For my (a personal preference) this is the only negative with Mr. Sheppard’s design. Everything else is brilliantly made! For once more congrats Richard!
  • 4 0
 Those pictures made me want to clean my room again.
  • 3 0
 Imagine your junk getting caught on that AWD mtb with long ass chain. Yikes!
  • 1 0
 Not to mention the black chain grease tattoos you will have for the rest of your life!
  • 1 0
 So did those special hubs on the adjustable tire air pressure system have an internal air chamber? Must have to in order to interrupt the pressure line from fixed to rotating?
  • 3 0
 I saw lots of weird products there, did I miss the wonderful ones?
  • 3 0
 NONE of that was wonderful!
  • 2 0
 Dr Ian Malcolm has some sage words on this: www.youtube.com/watch?v=g3j9muCo4o0
  • 3 0
 55psi huh?
  • 4 0
 Right?
The “low” pressure setting is higher than I run on any of my bikes...
  • 8 0
 55 pounds in my Minions, don't care about your opinions.
  • 1 0
 2WD EMB w a wireless connection. Weight doesn't matter cuz you're cheating anyway.
  • 2 0
 None of these look even remotely like a session, at all.
  • 2 0
 First bike looks like something from a Dr. Seuss book.
  • 1 0
 Such cool ideas! Very interesting article.
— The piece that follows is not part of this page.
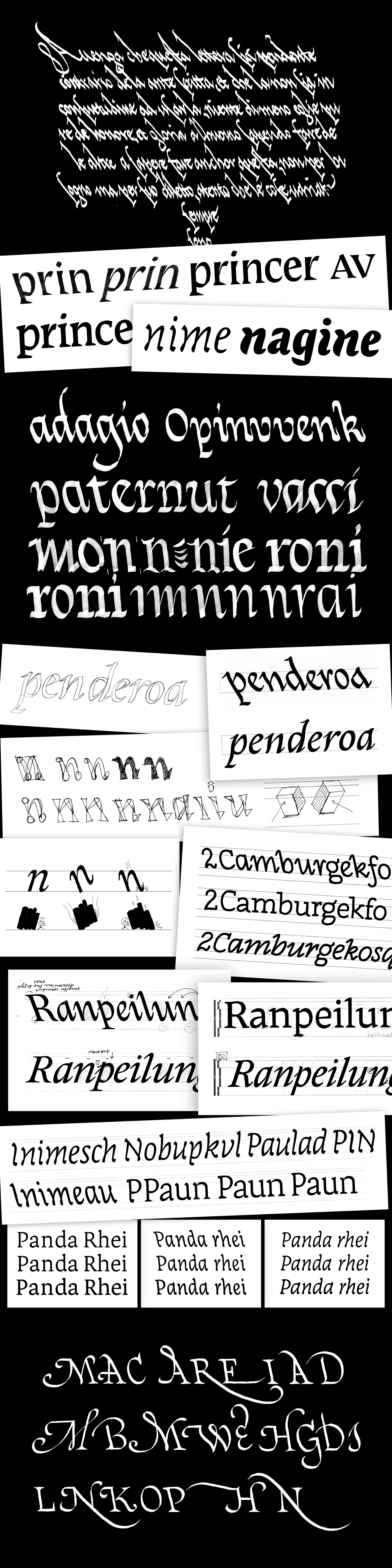 The final design leaned into the unconventional. The italics carried rather unusual stroke shapes, yet they stayed true to the logic of the construction principle. What began as an exercise in creating a text typeface with two matching italics evolved into something with its own voice—a typeface with dynamic complexity, showing its calligraphic roots while being well readable in long texts.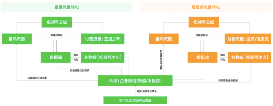 目前微信已将视频号与公众号、小程序、企业微信、朋友圈、搜一搜等其他公私域触点打通,在公众号、小程序、企业微信等私域触点上都能链接到视频号,同时,视频号直播时也能引导用户关注企业微信,沉淀到私域。

Crazy but interesting lol.
  • 1 0
 rad...Heim made two of those things on the list!!
  • 1 0
 im sure i wouldn't get pants dirty on the 2 wheeldrive/17 chains bike!!
  • 1 0
 I like the idea of charging e bikes with pedal power.
  • 1 0
 A whole lot of solutions in search of a problem.
  • 1 1
 Mr Ophidian is going to need a lot of lube
  • 1 0
 Those long stroke shocks take quite a beating.